Невеста императора — страница 62 из 65


Конечно, они не видели ничего вокруг – да свершись сейчас светопреставление, их ослепил бы только свет любимых глаз! – но и те двое других, которые были в горнице, тоже не замечали ничего вокруг себя.

Доверие, коим с первого мгновения исполнился к Сиверге Меншиков, было сродни покорности. Он стоял как завороженный, пока Сиверга легким, почти невесомым движением скользнула по его голове и пристально взглянула на седые волоски, обвившиеся вокруг ее пальцев. Меншикову показалось, будто в глазах шаманки мелькнула скорбь, но тут же она отвернулась и принялась медленно водить волосками по темной воде, бывшей почти вровень с краями кадки.

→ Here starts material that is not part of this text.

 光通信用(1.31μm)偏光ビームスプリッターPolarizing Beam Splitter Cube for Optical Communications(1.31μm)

Александр Данилыч нахмурился. Он не любил ворожеек и не мог понять, почему так доверчиво подчиняется Сиверге. Даже если бы он хотел, все равно не смог бы сейчас заставить себя отвести взор от двух змеистых дорожек, пробежавших от края до края кадки. Сиверга провела волосками поперек этих дорожек – и заволновалась вся поверхность воды, зарябила, да так, что у Меншикова закружилась голова, земля пошла под ногами… Чтобы удержаться, он схватился за края кадки, невольно приблизился к ней – и сердце его замерло, когда сквозь рябь, словно далекое отражение, он увидел в глубинных струях свое собственное лицо, тронутое седой щетиною, худое, желтое… нет, восковое! Это было лицо мертвеца, и Александр Данилыч понял, что видит себя лежащим в гробу, еще прежде, чем разглядел белый платок, подвязывающий ему челюсть, и черную похоронную ленту, охватившую лоб, и тоненькую свечечку в домиком сложенных руках.

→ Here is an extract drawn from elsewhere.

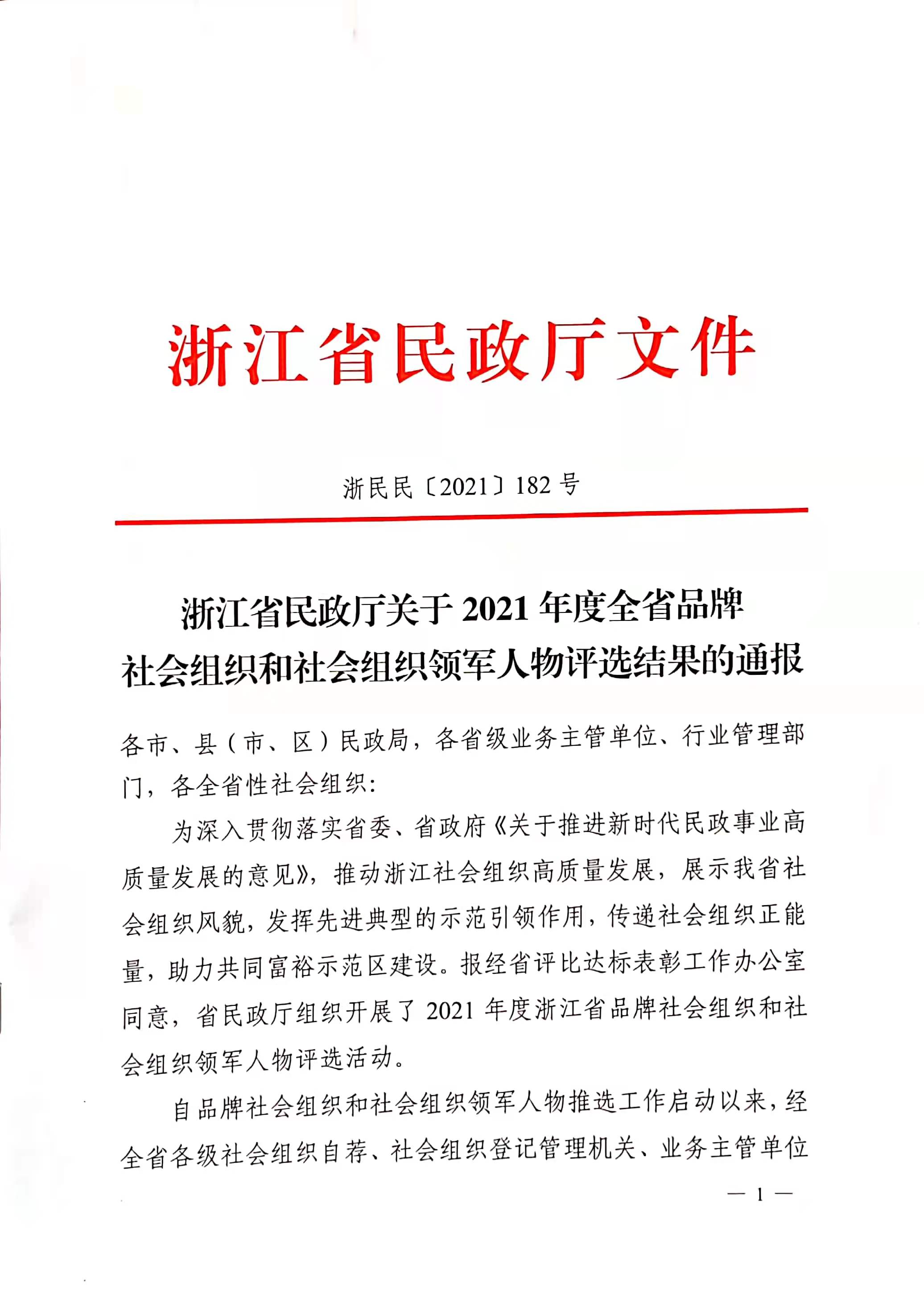 为深入贯彻落实省委、省政府《关于推进新时代民政事业高质量发展的意见》,推动浙江社会组织高质量发展,展示我省社会组织风貌,发挥先进典型的示范引领作用,传递社会组织正能量,助力共同富裕示范区建设。报经省评比达标表彰工作办公室同意,省民政厅组织开展了2021年度浙江省品牌社会组织和社会组织领军人物评选活动。

Меншиков повел оторопелым взором и увидел Сашеньку, рыдающую на груди у мрачного брата, который глядел в мертвое лицо отца со странным, враз тоскливым и в то же время мстительным выражением. Поодаль стояли Боровский, работники, жители Березова, исправники, дьяки – Меншиков тяжело вздохнул, поняв, что окончит дни свои здесь, на чужбине, – но почему-то не было возле его гроба Маши, а служил новый, незнакомый священник, не прежний березовский, и церковь… церковь была новая, полупустая, еще почти не убранная иконами, отражавшая мерцание свечей своими белыми, светлыми стенами.

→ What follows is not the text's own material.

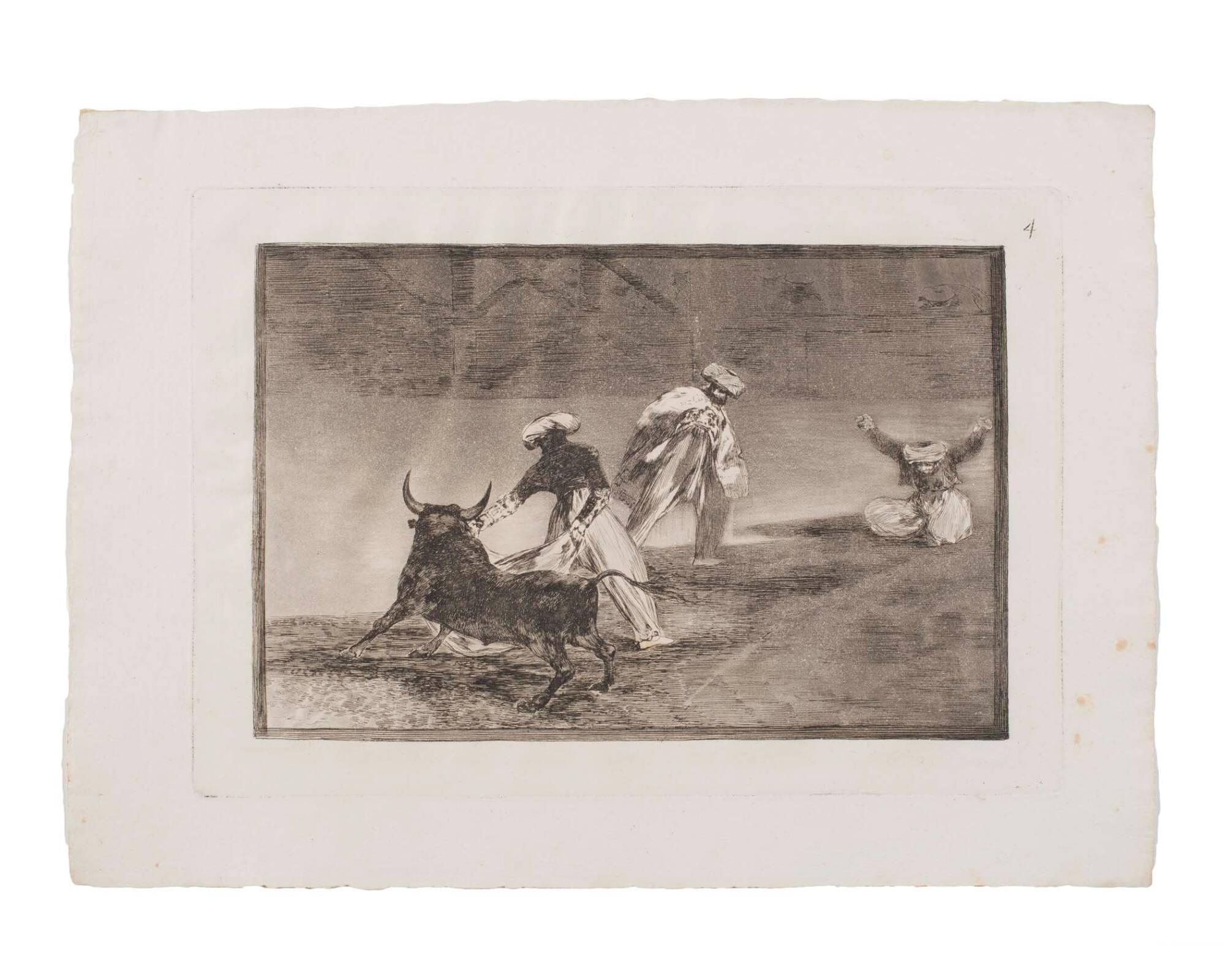 Capean otro encerrado. (They challenge the bull with their cape.) (From "Tauromachios" - No. 4)

«Я построю ее! – радостно стукнуло сердце. – Я успею ее построить!»

Он вздохнул с таким облегчением, так глубоко, что новая волна ряби от его дыхания прошла по воде, и в темной глубине открылось Меншикову другое зрелище. Он увидел свою младшую дочь, несколько повзрослевшую, но еще в полном расцвете своей девичьей красоты (при этом Меншиков отчего-то знал доподлинно, что с сего дня минуло два года с небольшим), которая следовала в церковь (ту самую, покойным отцом строенную!) и заметила в окне убогой хижины незнакомого мужика, который замахал ей и выбежал на крыльцо. Бог ты мой!.. Да ведь это был не кто иной, как Алексей Григорьич Долгоруков! Не веря своим ушам, выслушал Александр Данилыч его рассказ о смерти Петра II и страшных гонениях на Долгоруковых – и был изумлен собою, ибо должен был испытывать злорадство при виде скорби врага своего, а испытывал лишь глубокую, неизбывную печаль; чудилось ему, что он сам повествует о своих злоключениях:

«Нас везли сюда жестокие гонители и враги наши, как величайших злодеев, – лишили нас даже самого необходимого в жизни. Жена моя умерла дорогой, дочь моя умирает и, конечно, не избегнет смерти. Но я намерен вернуться и отомстить…»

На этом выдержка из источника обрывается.